#### EXERCISE DETAILS:
Write out, word for word and with no pictures, each line below from the one containing "弊社では、持続可能な社会の実" through the one containing "christmas gift, illustration", both included, and no other line.

#### PROVIDED MATERIAL:
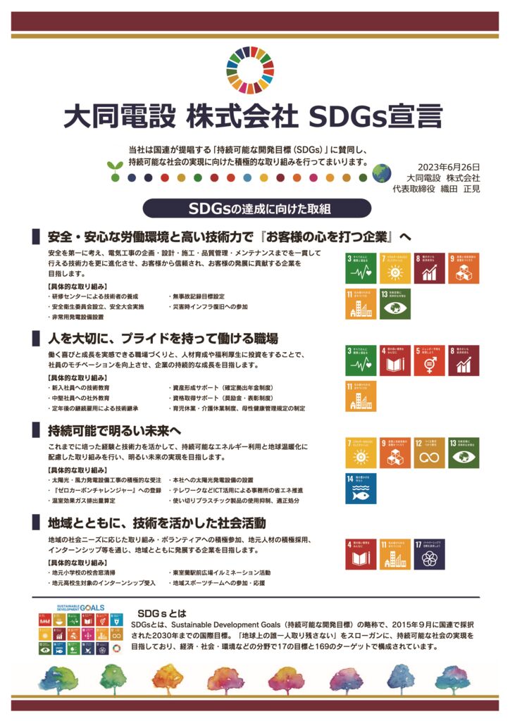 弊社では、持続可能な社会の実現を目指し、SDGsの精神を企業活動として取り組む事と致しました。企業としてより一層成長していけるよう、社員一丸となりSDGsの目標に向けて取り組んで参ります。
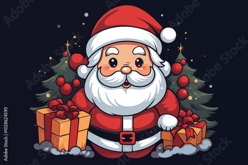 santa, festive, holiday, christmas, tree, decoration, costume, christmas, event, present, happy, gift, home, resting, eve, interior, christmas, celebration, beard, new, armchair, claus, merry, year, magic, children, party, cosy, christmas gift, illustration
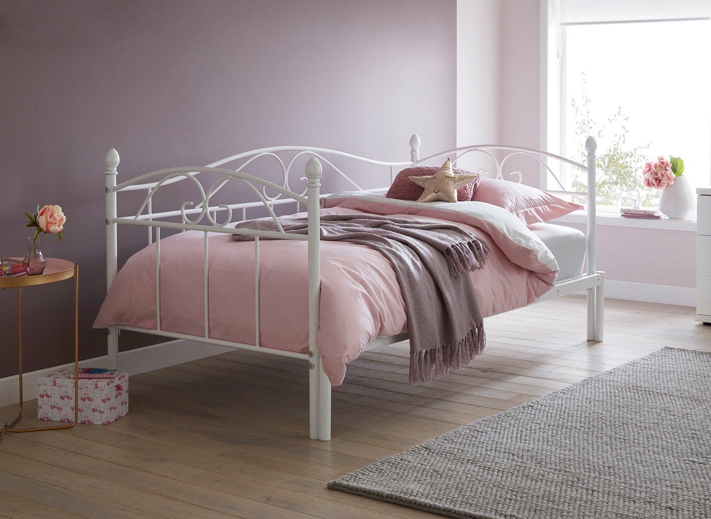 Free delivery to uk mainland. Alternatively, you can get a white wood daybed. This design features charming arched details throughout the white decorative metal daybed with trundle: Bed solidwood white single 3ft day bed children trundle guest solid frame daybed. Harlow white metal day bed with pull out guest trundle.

==

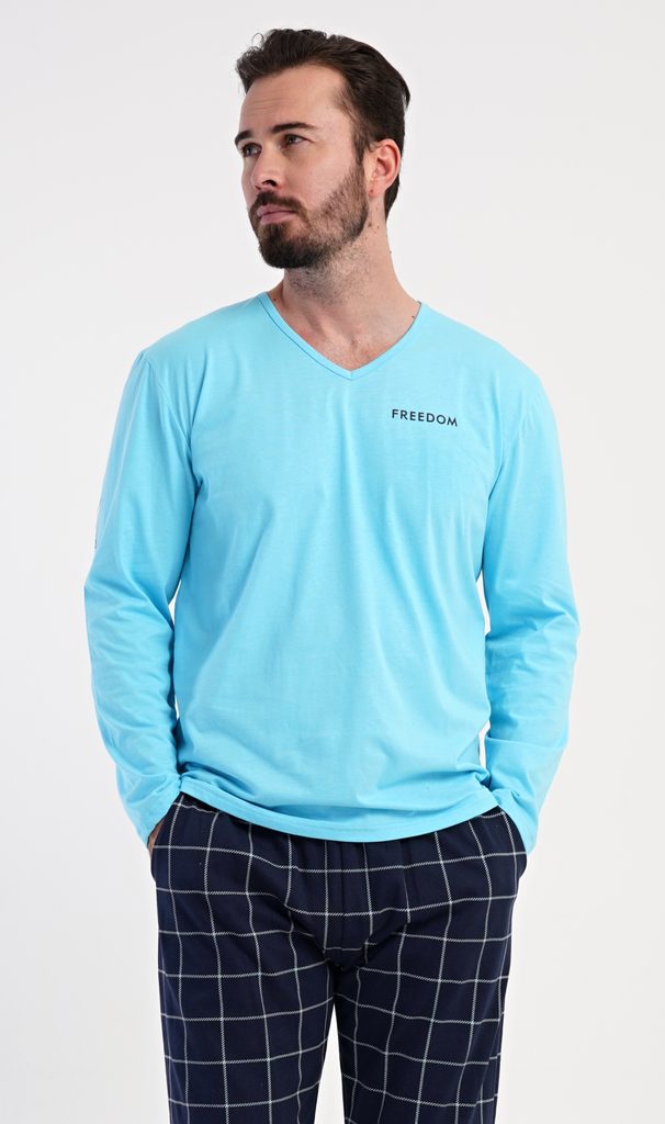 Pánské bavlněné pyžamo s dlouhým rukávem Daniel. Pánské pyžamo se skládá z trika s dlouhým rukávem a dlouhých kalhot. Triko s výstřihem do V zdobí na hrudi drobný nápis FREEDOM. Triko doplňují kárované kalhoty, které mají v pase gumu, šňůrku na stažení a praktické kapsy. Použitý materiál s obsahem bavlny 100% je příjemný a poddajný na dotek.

#### RESULT FOR THIS TASK:
 弊社では、持続可能な社会の実現を目指し、SDGsの精神を企業活動として取り組む事と致しました。企業としてより一層成長していけるよう、社員一丸となりSDGsの目標に向けて取り組んで参ります。
 santa, festive, holiday, christmas, tree, decoration, costume, christmas, event, present, happy, gift, home, resting, eve, interior, christmas, celebration, beard, new, armchair, claus, merry, year, magic, children, party, cosy, christmas gift, illustration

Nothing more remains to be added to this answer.